━━━━━ INFORMATION SHOWN

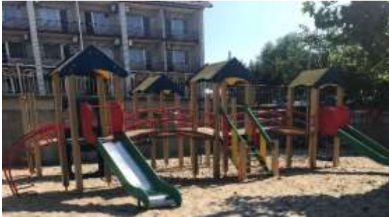
Фото з «Інтернет» ресурсів та їх вартість

Фактично придбано Ціна за одиницю – 201,60 тис. грн
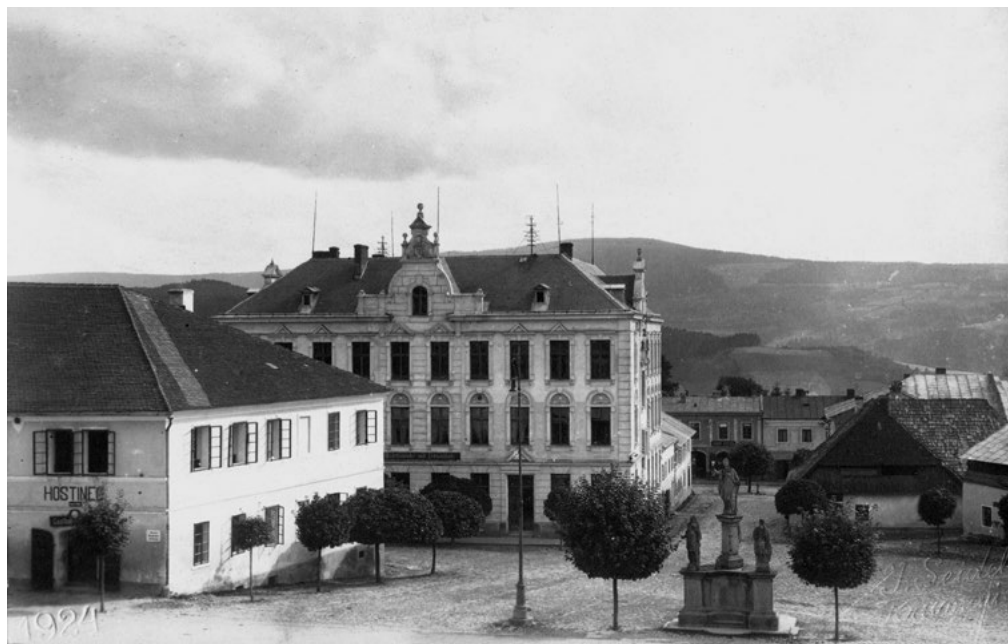
Náměstí v Kašperských Horách, osada založena ve 13. století, roku 1584 povýšena na královské horní město

dištní jsou však stále otevřeným problémem a mají zatím spíše spekulativní charakter (neboť většina dokladů jsou hmotné památky, které na tento problém odpovědět neumějí).
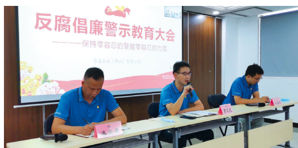
反腐倡廉警示教育活動

為實現廉潔從業的有效監督，我們制定了內部監督舉報相關文件，明確了違反公司廉潔從業有關制度規定的處分措施包括：口頭提醒、口頭批評、書面警告、調崗、降職、追繳、索償，直至解除僱傭合約；涉嫌違法犯罪的，將由公司移交司法機關處理，對公司處理或處分決定不服者，可向公司有關部門提出申訴。同時，我們對廉潔從業有關問題舉報途徑進行了公示，員工可經本集團提供的舉報渠道，包括郵寄及電郵，對利用職務謀取個人私利、賄賂、勒索、欺詐及洗黑錢等違紀違法的行為進行通報，若經調查後確認，本集團將把相關資料及情況交由當地執法機關處理。我們承諾對所有身份及信息嚴格保密，並強調參與任何類型的貪污或賄賂活動的行為奉行零容忍政策。
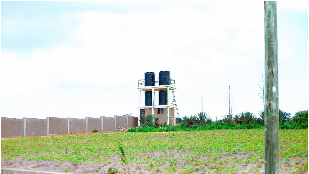
Matanki ya kuhifadhi maji safi na salama ya shule, Msakila s.s
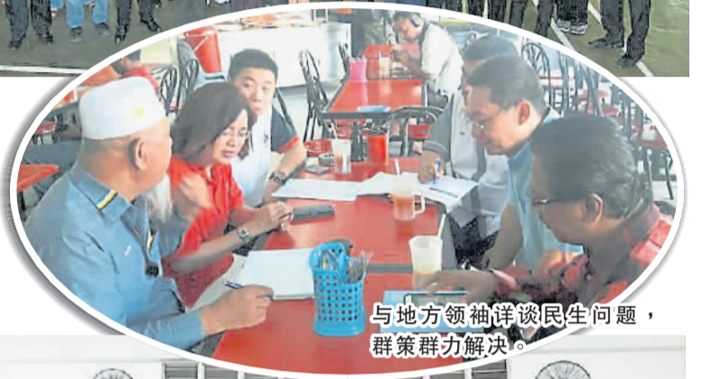
与地方领袖详谈民生问题，群策群力解决。
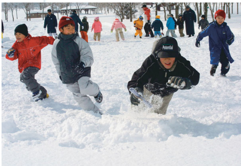
↑スノーフラッグ。全力で走って旗をつかみます
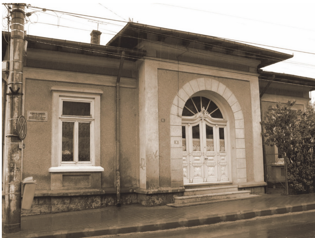
Fig. 4- Casa din Piatra în care a locuit Doamna Elena Cuza
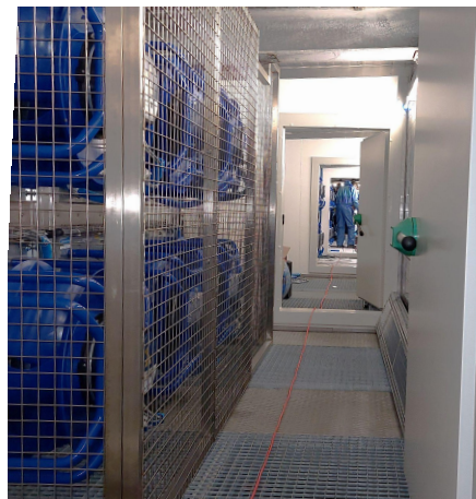
Lüftungsanlage zur Kühlung

Unterstützt durch ProKilowatt unter der Leitung des Bundesamtes für Energie.
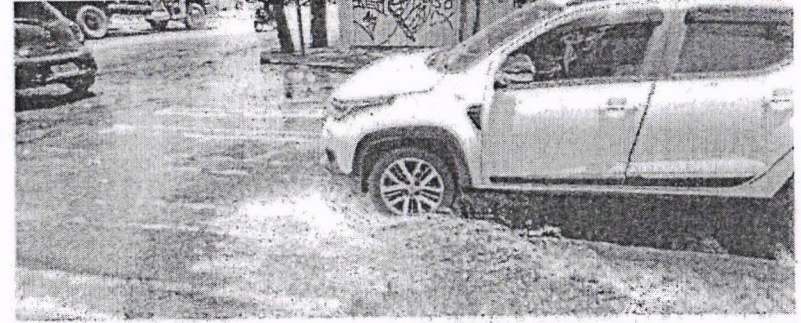
ALAGAMENTOS são cotidiano no local |

KAILO PIMENTEL ESPECIAL PARA O POVO kai.oliveira@opovo.com.br

━━━━━━━━━━

__WHAT IS NEEDED__. Omit the pictures and output all remaining material exactly.

__OUTPUT FOR THIS TASK__.
Фото з «Інтернет» ресурсів та їх вартість

Фактично придбано Ціна за одиницю – 201,60 тис. грн
Náměstí v Kašperských Horách, osada založena ve 13. století, roku 1584 povýšena na královské horní město

dištní jsou však stále otevřeným problémem a mají zatím spíše spekulativní charakter (neboť většina dokladů jsou hmotné památky, které na tento problém odpovědět neumějí).
反腐倡廉警示教育活動

為實現廉潔從業的有效監督，我們制定了內部監督舉報相關文件，明確了違反公司廉潔從業有關制度規定的處分措施包括：口頭提醒、口頭批評、書面警告、調崗、降職、追繳、索償，直至解除僱傭合約；涉嫌違法犯罪的，將由公司移交司法機關處理，對公司處理或處分決定不服者，可向公司有關部門提出申訴。同時，我們對廉潔從業有關問題舉報途徑進行了公示，員工可經本集團提供的舉報渠道，包括郵寄及電郵，對利用職務謀取個人私利、賄賂、勒索、欺詐及洗黑錢等違紀違法的行為進行通報，若經調查後確認，本集團將把相關資料及情況交由當地執法機關處理。我們承諾對所有身份及信息嚴格保密，並強調參與任何類型的貪污或賄賂活動的行為奉行零容忍政策。
Matanki ya kuhifadhi maji safi na salama ya shule, Msakila s.s
与地方领袖详谈民生问题，群策群力解决。
↑スノーフラッグ。全力で走って旗をつかみます
Fig. 4- Casa din Piatra în care a locuit Doamna Elena Cuza
Lüftungsanlage zur Kühlung

Unterstützt durch ProKilowatt unter der Leitung des Bundesamtes für Energie.
ALAGAMENTOS são cotidiano no local |

KAILO PIMENTEL ESPECIAL PARA O POVO kai.oliveira@opovo.com.br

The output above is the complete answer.